Directions for this task:
Taking the data below, please print only the lines from the line holding "Ещё одно грязное" to the line holding "便利なラック付きのサイドテー", inclusive, with pictures omitted.

Raw data:
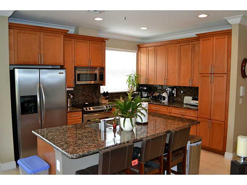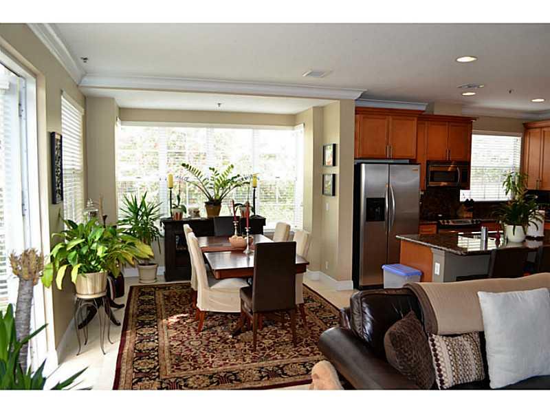 Beautifully appointed, very light corner unit with elevator, small garden and upstairs patio. Upgraded bathrooms, impact windows and doors, crown molding,attached 2 car garage, open kitchen and living area, great location.
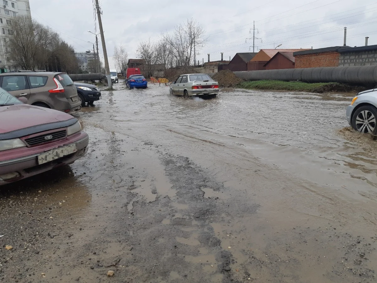Ещё одно грязное озеро разлилось на пересечении улиц Демидовская плотина и Октябрьская, создав, создав приличный затор.
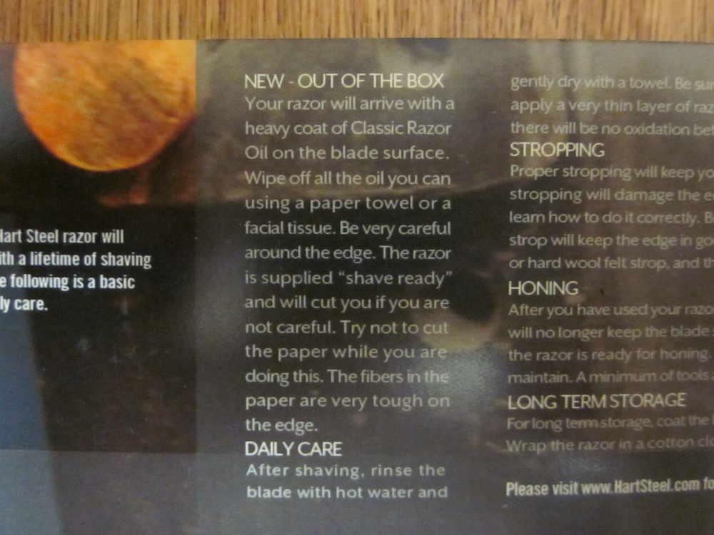 Добавлено спустя 27 секунд: А вот после заточки-уух. Re: Бритва HARTSTEELПодожди чуток. Выложу коробочку и вкладыш. Там все будет и про нечистый Харт и про шей реди.
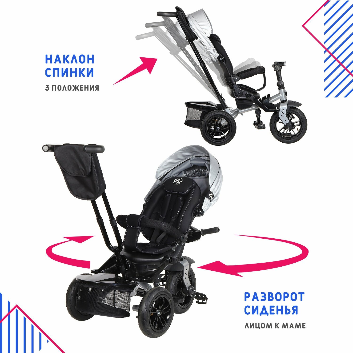 | Дополнительная информация | багажник - комплектация возможна в 2 х вариантах: с корзиной для хранения игрушек или с мягким рюкзачком, поворотное сиденье 360 градусов: лицом к маме и лицом по ходу движения, сиденье разворачивается 2-мя кнопками, 3 угла наклона спинки, максимальный наклон - 150 градусов; родительская ручка управления регулируется по высоте, руль складной |
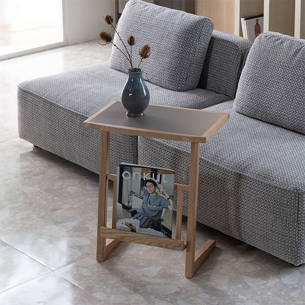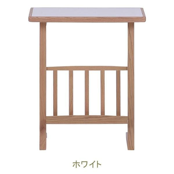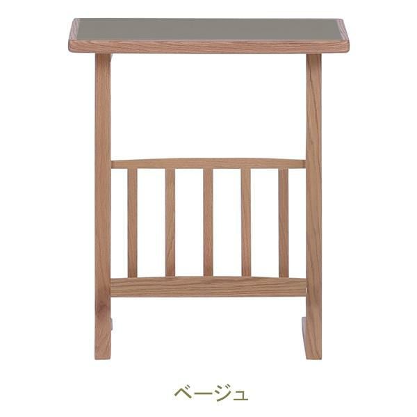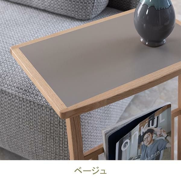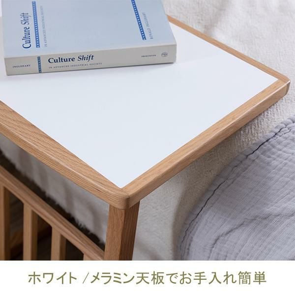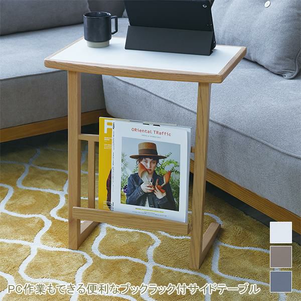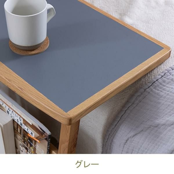 便利なラック付きのサイドテーブル。天板はグレー色とホワイト色、ベージュ色の3色から選べます。メラミン天板は汚れてしまってもお掃除が簡単に行えます。
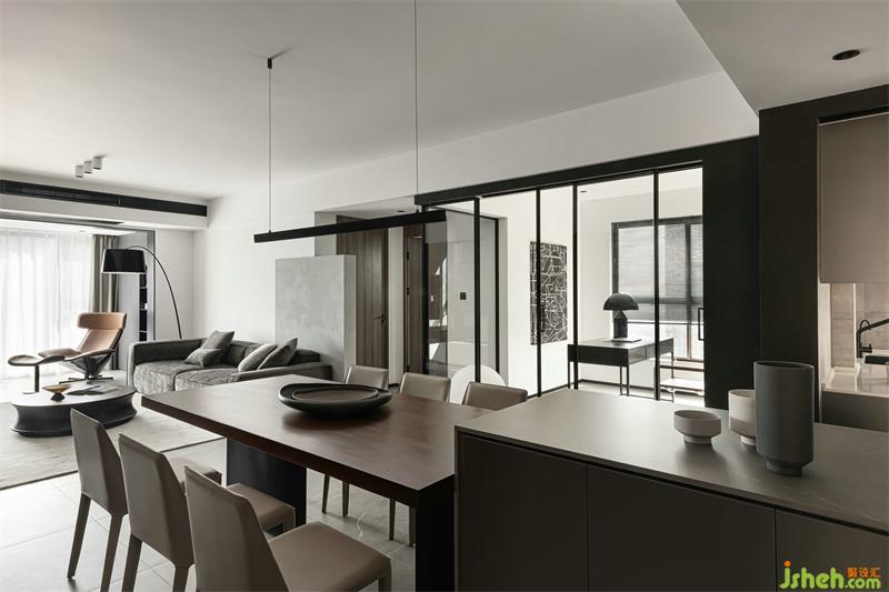 The creation of more open spaces makes it possible for the dining room and the living room to be linked. The choice of transparent glass doors also drives the interaction between the dining room, living room and the study; no matter where the family is active, they can always find him (her) when they look up. After the reorganization of the entire space, the dining room and kitchen, the living room, and the study can be seen. The space scene has been enriched, making the home more possible...
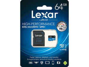 Lexar High-Performance 633x 64GB microSDXC Memory Card with Adapter, Class 10, UHS-I (LSDMI64GBBNL633)
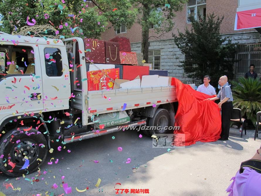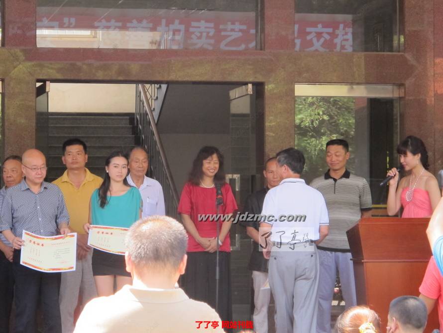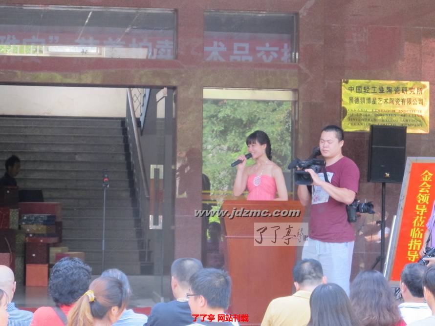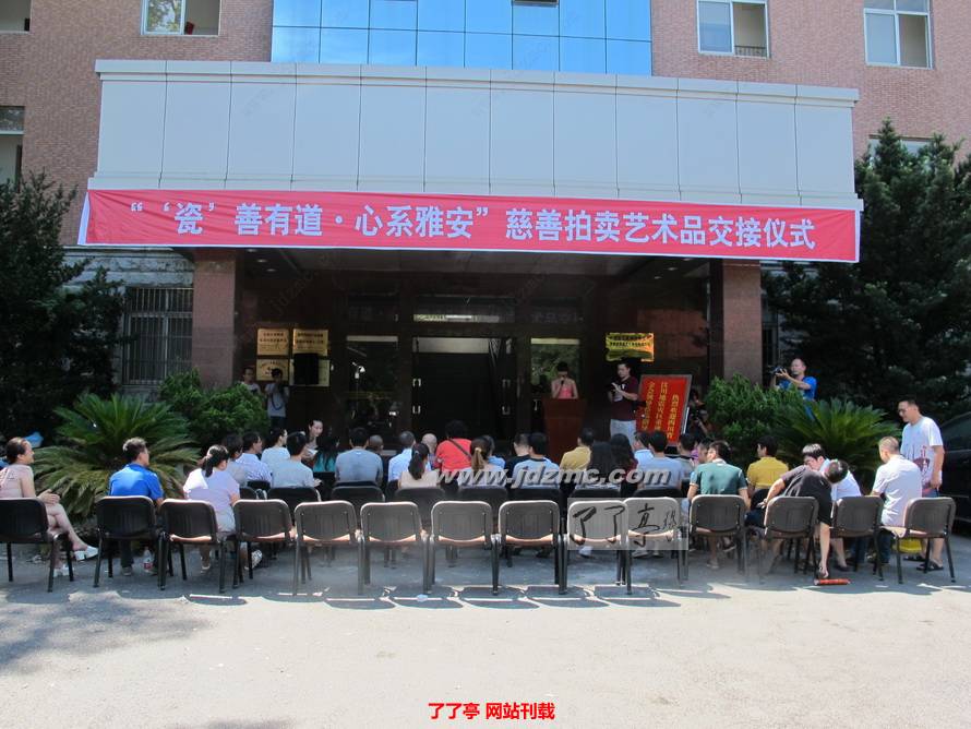 慈善拍卖艺术品交接仪式现场,在各位领导、爱心捐赠艺术家代表以及各大媒体的见证下将215件拍品交到四川省汶川地震灾区重建基金会专项基金处处长王陵手中。王陵、熊国亮、李川等人为已经装车的慈善拍卖艺术品揭幕。这批陶瓷艺术品即日将运往四川进行拍卖,并举办“"瓷"善有道,心系雅安”慈善拍卖会,所得善款全部用于灾区希望工程的建设。
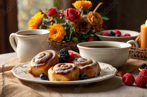 Thanksgiving Breakfast Scene with Coffee, Cinnamon Rolls, and Mixed Berries on a Beautifully Set Table with Fall Decorations
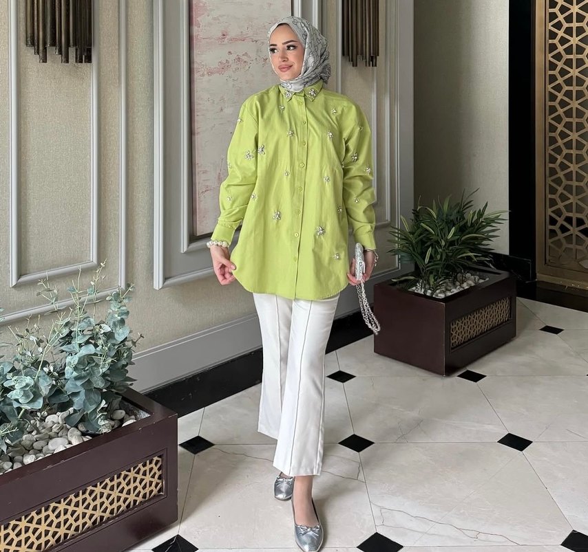 Haki renkli, düğmeli, uzun kollu ve yüksek yakalı tunik, yumuşak sentetik kumaştan, bağlama desenli, midi boy ve rahat kesimdir. Günlük kullanım için uygundur.
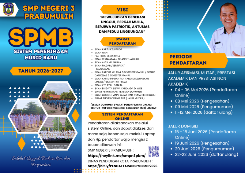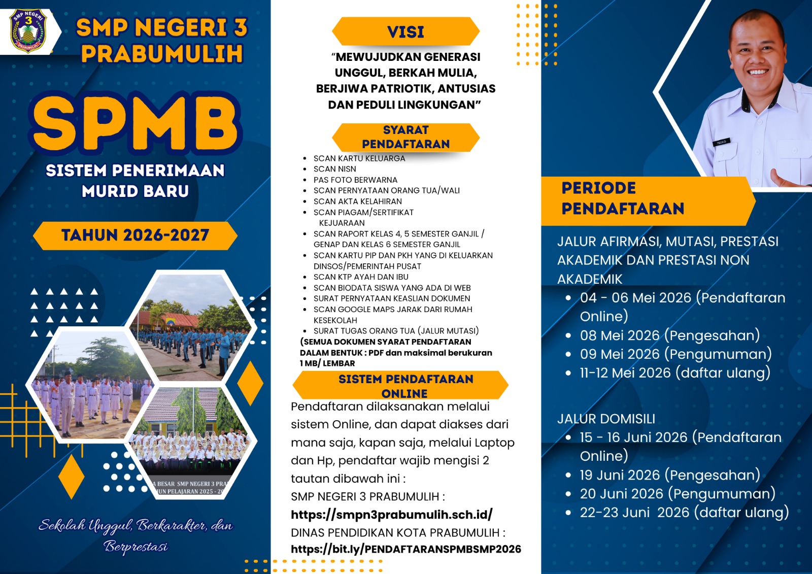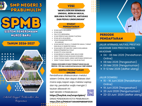 SMP Negeri 3 Prabumulih akan membuka pendaftaran peserta didik baru untuk Tahun Ajaran 2026/2027 pada tanggal 04 - 06 Mei 2026 Untuk Jalur Pendaftaran Prestasi, Afirmasi & Mutasi Orangtua dan tanggal 15 - 16 Juni 2026 untuk jalur Domisili .

Expected answer:
Ещё одно грязное озеро разлилось на пересечении улиц Демидовская плотина и Октябрьская, создав, создав приличный затор.
 Добавлено спустя 27 секунд: А вот после заточки-уух. Re: Бритва HARTSTEELПодожди чуток. Выложу коробочку и вкладыш. Там все будет и про нечистый Харт и про шей реди.
 | Дополнительная информация | багажник - комплектация возможна в 2 х вариантах: с корзиной для хранения игрушек или с мягким рюкзачком, поворотное сиденье 360 градусов: лицом к маме и лицом по ходу движения, сиденье разворачивается 2-мя кнопками, 3 угла наклона спинки, максимальный наклон - 150 градусов; родительская ручка управления регулируется по высоте, руль складной |
 便利なラック付きのサイドテーブル。天板はグレー色とホワイト色、ベージュ色の3色から選べます。メラミン天板は汚れてしまってもお掃除が簡単に行えます。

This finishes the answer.